3.  (U) Dr. Anne Sassaman, Director, Extramural Grant 
Program, National Institute of Environmental Health 
Sciences, visited Hanoi during October 27-31, 2002, to 
continue the dialogue with Vietnamese counterparts on joint 
scientific research on health and environmental effects of 
Agent Orange (AO)/dioxin in Vietnam, and to determine status 
of Vietnamese efforts and attitudes towards pursuit of goals 
defined in the Memorandum of Understanding signed on March 
10, 2002, following bilateral discussions in Hanoi. 
Embassy/Hanoi EST Officer accompanied Dr. Sassaman to most 
of her relevant meetings.  In November, Dr.
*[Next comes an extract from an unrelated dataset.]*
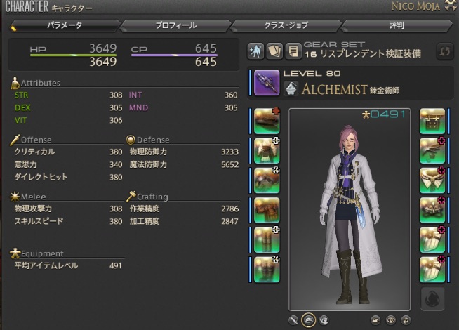 こちらのエースセチック装備フル禁断記事の内容をベースに、主道具をスカイビルダーズ装備(スカイスチールツール最終段階)に変更し、料理「チリクラブHQ」と薬品「魔匠の水薬HQ」を使用した状態のステータスです。

Sassaman briefed 
members of the Interagency Working Group on AO/Dioxin (IWG- 
AO/D) in Washington on the results of her visit.  On January 
16, 2003, Embassy EST Officer met with Dr. Nguyen Tien Dung, 
Director, Office 33, to follow-up on the unresolved issues 
that had been discussed during Dr. Sassaman's visit.  In 
early February, EST Officer also met with NIEHS officer in 
charge of organizing an environmental assessment and 
remediation workshop and the U.S. lead investigator in a 
joint health research project that has received approval and 
funding by NIEHS.  Embassy wishes to provide the IWG with 
our observations and assessment of Vietnamese attitudes 
toward implementation on joint scientific research. 
 
4.  (SBU) Although the history of U.S. Government (USG) 
efforts to engage the Vietnamese in joint scientific 
research go back as far as 1994, we will look at events over 
the past two years, beginning in December 2000 at the 
bilateral meetings held in Singapore.  Based on our 
observations of Vietnamese behavior over the past two years, 
interaction with key players and observers on the Vietnamese 
side following the March 2002 International Conference in 
Hanoi funded by NIEHS, the results of Dr. Sassaman's recent 
visit, and EST Officer's recent meetings with Office 33, the 
Embassy's assessment is that the Government of Vietnam (GVN) 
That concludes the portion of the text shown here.